(Records from a data collection)
+++

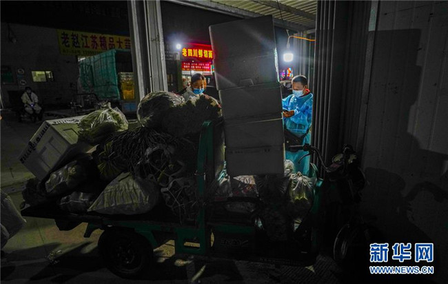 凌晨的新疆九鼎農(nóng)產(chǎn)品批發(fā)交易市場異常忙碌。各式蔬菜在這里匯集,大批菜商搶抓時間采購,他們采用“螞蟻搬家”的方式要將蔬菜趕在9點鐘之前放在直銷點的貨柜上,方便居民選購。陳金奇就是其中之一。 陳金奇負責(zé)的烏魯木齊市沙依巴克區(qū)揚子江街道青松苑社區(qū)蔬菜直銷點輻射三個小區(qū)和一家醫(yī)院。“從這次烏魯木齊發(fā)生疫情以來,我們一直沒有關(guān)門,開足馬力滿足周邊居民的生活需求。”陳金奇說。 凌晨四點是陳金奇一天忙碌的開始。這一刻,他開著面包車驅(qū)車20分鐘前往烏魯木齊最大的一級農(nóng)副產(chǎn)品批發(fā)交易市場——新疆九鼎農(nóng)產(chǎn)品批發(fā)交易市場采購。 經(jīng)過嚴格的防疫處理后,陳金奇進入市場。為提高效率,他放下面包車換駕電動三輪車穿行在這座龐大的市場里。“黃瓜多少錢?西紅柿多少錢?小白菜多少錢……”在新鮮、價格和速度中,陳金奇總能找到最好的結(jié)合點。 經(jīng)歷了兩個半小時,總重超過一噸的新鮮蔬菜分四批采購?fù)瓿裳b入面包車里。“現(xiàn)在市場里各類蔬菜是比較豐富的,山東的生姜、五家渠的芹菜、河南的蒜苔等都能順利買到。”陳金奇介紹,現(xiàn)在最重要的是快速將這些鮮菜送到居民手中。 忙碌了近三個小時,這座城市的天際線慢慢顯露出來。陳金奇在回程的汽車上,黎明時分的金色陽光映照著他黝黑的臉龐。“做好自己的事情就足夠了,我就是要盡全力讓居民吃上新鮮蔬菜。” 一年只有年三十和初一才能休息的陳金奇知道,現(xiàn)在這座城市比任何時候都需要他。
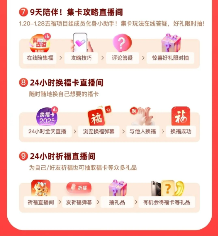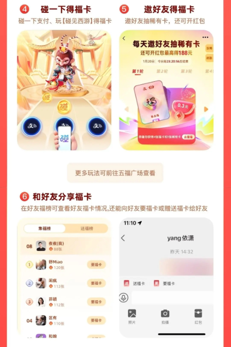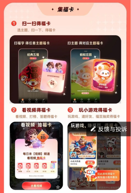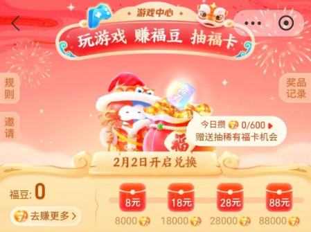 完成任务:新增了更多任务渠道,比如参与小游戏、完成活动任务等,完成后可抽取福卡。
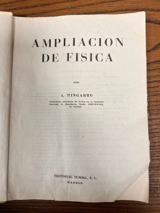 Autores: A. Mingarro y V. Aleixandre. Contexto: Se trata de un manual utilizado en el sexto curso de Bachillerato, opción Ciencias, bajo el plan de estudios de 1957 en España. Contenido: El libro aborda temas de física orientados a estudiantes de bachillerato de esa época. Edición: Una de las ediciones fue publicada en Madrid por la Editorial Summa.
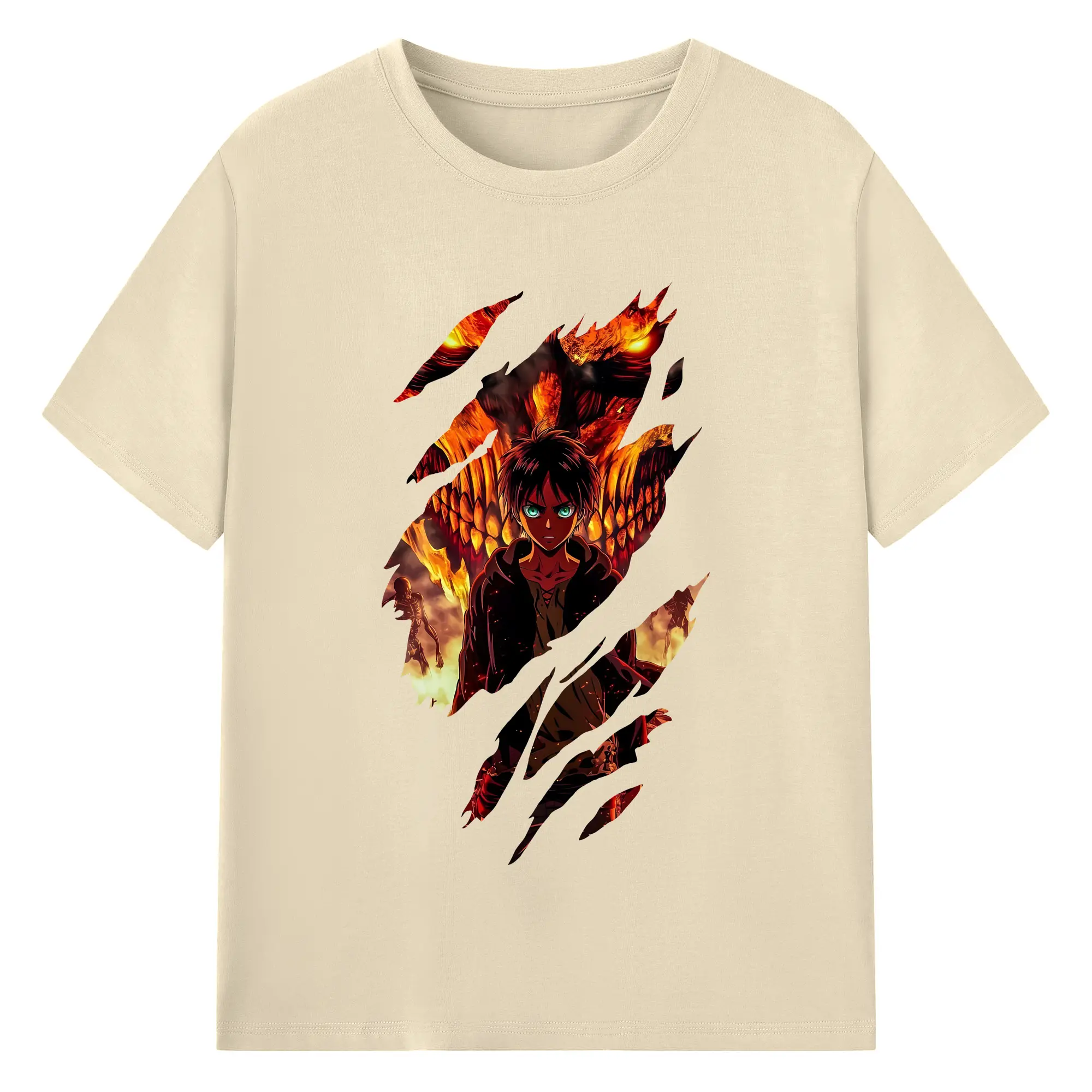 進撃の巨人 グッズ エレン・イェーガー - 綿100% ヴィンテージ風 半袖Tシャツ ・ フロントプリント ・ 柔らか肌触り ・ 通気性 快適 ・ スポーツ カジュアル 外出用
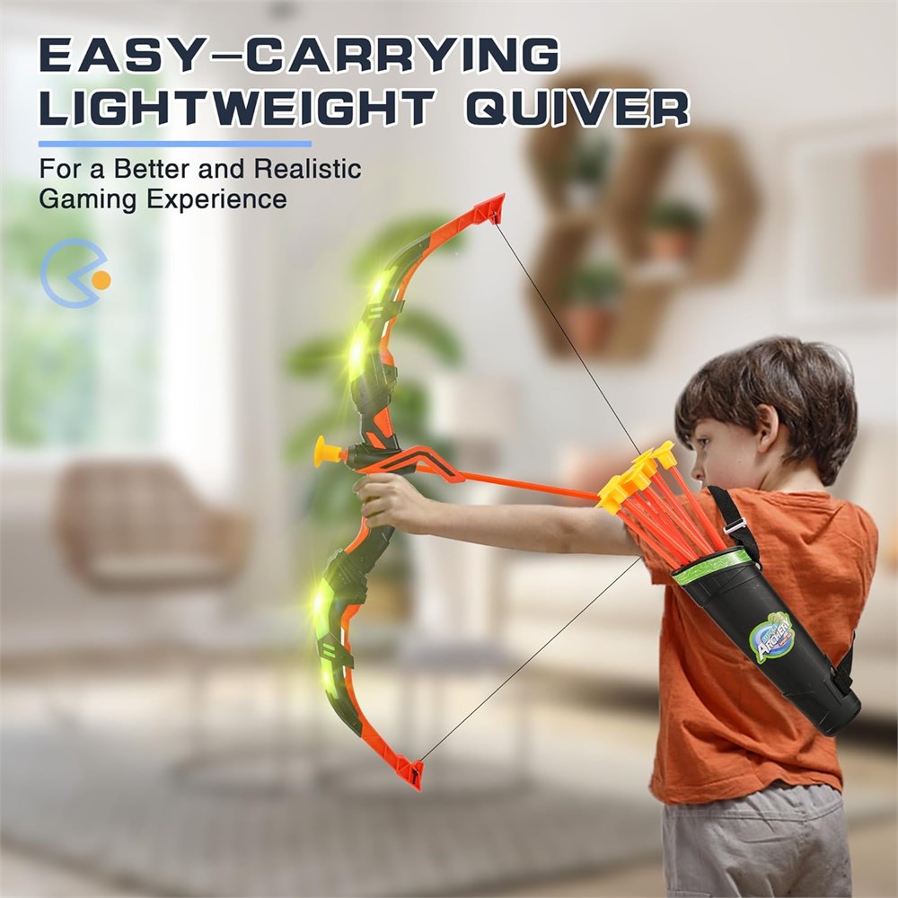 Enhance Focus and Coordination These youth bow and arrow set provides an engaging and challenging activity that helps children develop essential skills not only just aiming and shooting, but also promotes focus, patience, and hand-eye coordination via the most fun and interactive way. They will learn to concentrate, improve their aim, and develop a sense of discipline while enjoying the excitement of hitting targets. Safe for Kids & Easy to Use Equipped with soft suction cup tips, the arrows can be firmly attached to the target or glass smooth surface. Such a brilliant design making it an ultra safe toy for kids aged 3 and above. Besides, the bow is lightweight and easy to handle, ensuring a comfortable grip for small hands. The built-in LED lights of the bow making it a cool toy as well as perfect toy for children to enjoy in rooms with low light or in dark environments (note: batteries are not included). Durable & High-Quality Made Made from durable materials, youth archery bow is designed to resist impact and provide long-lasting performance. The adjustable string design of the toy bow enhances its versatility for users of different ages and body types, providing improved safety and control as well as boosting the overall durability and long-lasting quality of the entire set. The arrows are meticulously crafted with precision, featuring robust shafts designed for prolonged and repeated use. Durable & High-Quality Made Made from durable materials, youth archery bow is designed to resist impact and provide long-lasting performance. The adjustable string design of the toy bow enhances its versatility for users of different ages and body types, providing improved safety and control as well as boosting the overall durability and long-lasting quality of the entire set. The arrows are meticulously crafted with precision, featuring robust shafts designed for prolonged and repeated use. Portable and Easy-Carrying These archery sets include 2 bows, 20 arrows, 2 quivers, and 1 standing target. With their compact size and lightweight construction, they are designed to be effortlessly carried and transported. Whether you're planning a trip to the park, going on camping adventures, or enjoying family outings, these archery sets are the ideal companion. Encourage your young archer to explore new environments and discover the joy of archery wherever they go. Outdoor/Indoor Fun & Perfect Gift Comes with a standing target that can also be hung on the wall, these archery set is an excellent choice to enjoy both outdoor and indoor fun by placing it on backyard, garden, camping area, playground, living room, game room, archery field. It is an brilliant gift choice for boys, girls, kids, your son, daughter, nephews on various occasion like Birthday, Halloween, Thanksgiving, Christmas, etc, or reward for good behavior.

+++

### DIRECTIONS
Pictures do not go in the copy; print every entry exactly as it stands.

### ANSWER SECTION
 凌晨的新疆九鼎農(nóng)產(chǎn)品批發(fā)交易市場異常忙碌。各式蔬菜在這里匯集,大批菜商搶抓時間采購,他們采用“螞蟻搬家”的方式要將蔬菜趕在9點鐘之前放在直銷點的貨柜上,方便居民選購。陳金奇就是其中之一。 陳金奇負責(zé)的烏魯木齊市沙依巴克區(qū)揚子江街道青松苑社區(qū)蔬菜直銷點輻射三個小區(qū)和一家醫(yī)院。“從這次烏魯木齊發(fā)生疫情以來,我們一直沒有關(guān)門,開足馬力滿足周邊居民的生活需求。”陳金奇說。 凌晨四點是陳金奇一天忙碌的開始。這一刻,他開著面包車驅(qū)車20分鐘前往烏魯木齊最大的一級農(nóng)副產(chǎn)品批發(fā)交易市場——新疆九鼎農(nóng)產(chǎn)品批發(fā)交易市場采購。 經(jīng)過嚴格的防疫處理后,陳金奇進入市場。為提高效率,他放下面包車換駕電動三輪車穿行在這座龐大的市場里。“黃瓜多少錢?西紅柿多少錢?小白菜多少錢……”在新鮮、價格和速度中,陳金奇總能找到最好的結(jié)合點。 經(jīng)歷了兩個半小時,總重超過一噸的新鮮蔬菜分四批采購?fù)瓿裳b入面包車里。“現(xiàn)在市場里各類蔬菜是比較豐富的,山東的生姜、五家渠的芹菜、河南的蒜苔等都能順利買到。”陳金奇介紹,現(xiàn)在最重要的是快速將這些鮮菜送到居民手中。 忙碌了近三個小時,這座城市的天際線慢慢顯露出來。陳金奇在回程的汽車上,黎明時分的金色陽光映照著他黝黑的臉龐。“做好自己的事情就足夠了,我就是要盡全力讓居民吃上新鮮蔬菜。” 一年只有年三十和初一才能休息的陳金奇知道,現(xiàn)在這座城市比任何時候都需要他。
 完成任务:新增了更多任务渠道,比如参与小游戏、完成活动任务等,完成后可抽取福卡。
 Autores: A. Mingarro y V. Aleixandre. Contexto: Se trata de un manual utilizado en el sexto curso de Bachillerato, opción Ciencias, bajo el plan de estudios de 1957 en España. Contenido: El libro aborda temas de física orientados a estudiantes de bachillerato de esa época. Edición: Una de las ediciones fue publicada en Madrid por la Editorial Summa.
 進撃の巨人 グッズ エレン・イェーガー - 綿100% ヴィンテージ風 半袖Tシャツ ・ フロントプリント ・ 柔らか肌触り ・ 通気性 快適 ・ スポーツ カジュアル 外出用
 Enhance Focus and Coordination These youth bow and arrow set provides an engaging and challenging activity that helps children develop essential skills not only just aiming and shooting, but also promotes focus, patience, and hand-eye coordination via the most fun and interactive way. They will learn to concentrate, improve their aim, and develop a sense of discipline while enjoying the excitement of hitting targets. Safe for Kids & Easy to Use Equipped with soft suction cup tips, the arrows can be firmly attached to the target or glass smooth surface. Such a brilliant design making it an ultra safe toy for kids aged 3 and above. Besides, the bow is lightweight and easy to handle, ensuring a comfortable grip for small hands. The built-in LED lights of the bow making it a cool toy as well as perfect toy for children to enjoy in rooms with low light or in dark environments (note: batteries are not included). Durable & High-Quality Made Made from durable materials, youth archery bow is designed to resist impact and provide long-lasting performance. The adjustable string design of the toy bow enhances its versatility for users of different ages and body types, providing improved safety and control as well as boosting the overall durability and long-lasting quality of the entire set. The arrows are meticulously crafted with precision, featuring robust shafts designed for prolonged and repeated use. Durable & High-Quality Made Made from durable materials, youth archery bow is designed to resist impact and provide long-lasting performance. The adjustable string design of the toy bow enhances its versatility for users of different ages and body types, providing improved safety and control as well as boosting the overall durability and long-lasting quality of the entire set. The arrows are meticulously crafted with precision, featuring robust shafts designed for prolonged and repeated use. Portable and Easy-Carrying These archery sets include 2 bows, 20 arrows, 2 quivers, and 1 standing target. With their compact size and lightweight construction, they are designed to be effortlessly carried and transported. Whether you're planning a trip to the park, going on camping adventures, or enjoying family outings, these archery sets are the ideal companion. Encourage your young archer to explore new environments and discover the joy of archery wherever they go. Outdoor/Indoor Fun & Perfect Gift Comes with a standing target that can also be hung on the wall, these archery set is an excellent choice to enjoy both outdoor and indoor fun by placing it on backyard, garden, camping area, playground, living room, game room, archery field. It is an brilliant gift choice for boys, girls, kids, your son, daughter, nephews on various occasion like Birthday, Halloween, Thanksgiving, Christmas, etc, or reward for good behavior.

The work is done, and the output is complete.